Porting that to Windows has been more tricky than I'd expected. Using ahk for my particular use case didn't end up working exactly as I'd wanted, so I moved to Kanata for just the key remapping + ahk for doing anything else with those keys.

I've found that when I was first setting up both ahk and Kanata that I'd accidentally activate FWM any time I'd press capslock. However - and I unfortunately can't remember exactly how - I was able to get past that problem. Perhaps I had to ensure that either ahk or Kanata were started as admin? Try that if you haven't already.

I'm gonna edit this comment with a link to my old ahk config and my post on Kanata's repo where I asked and received help for my personal approach to caps lock hyper key, lemme know if they help.

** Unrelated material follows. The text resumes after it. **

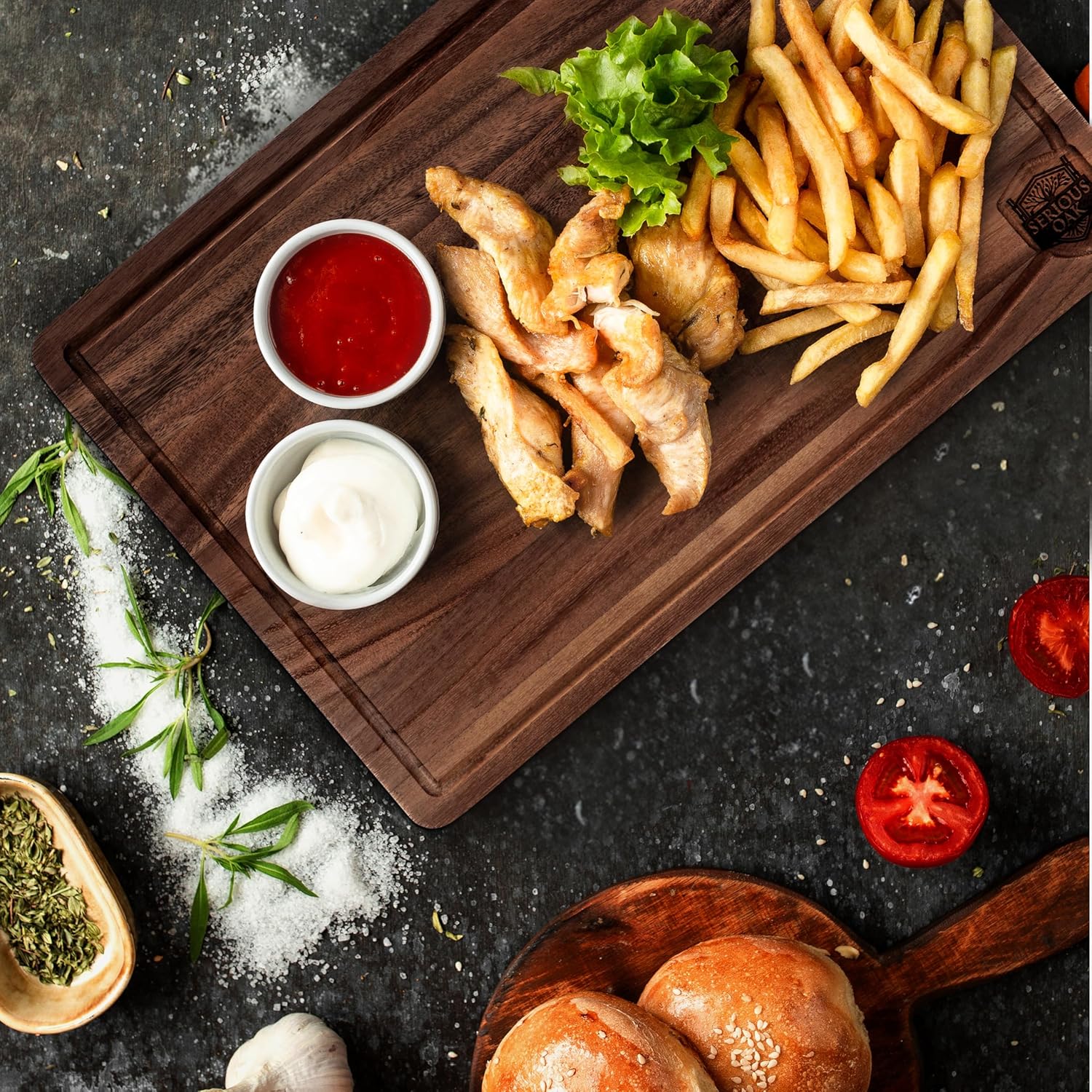 The reversible walnut cutting board is just right at 18" x 12". It's the ideal sidekick for all your kitchen tasks – slicing, dicing, chopping – you name it. This giant cutting board gives you plenty of space for easy meal prep, and guess what? It doubles as a walnut charcuterie board.

Strangely, even though I've fixed the accidental fwm activation, FancyWM is the only application that can somehow "see through" the remapping, which means that if capslock+h = left arrow, and I do:

  1. win+shift -> activate fwm
  2. capslock+h -> left

FancyWM does not receive a left but in fact does receive a capslock+h! Which is remarkable because Windows itself and the rest of the UI of the system or any app thinks I pressed left as intended. Very strange!

--_

github-actions[bot] commented 7 months ago

This issue is stale because it has been open for 14 days with no activity.

github-actions[bot] commented 6 months ago

This issue was closed because it has been inactive for 14 days since being marked as stale.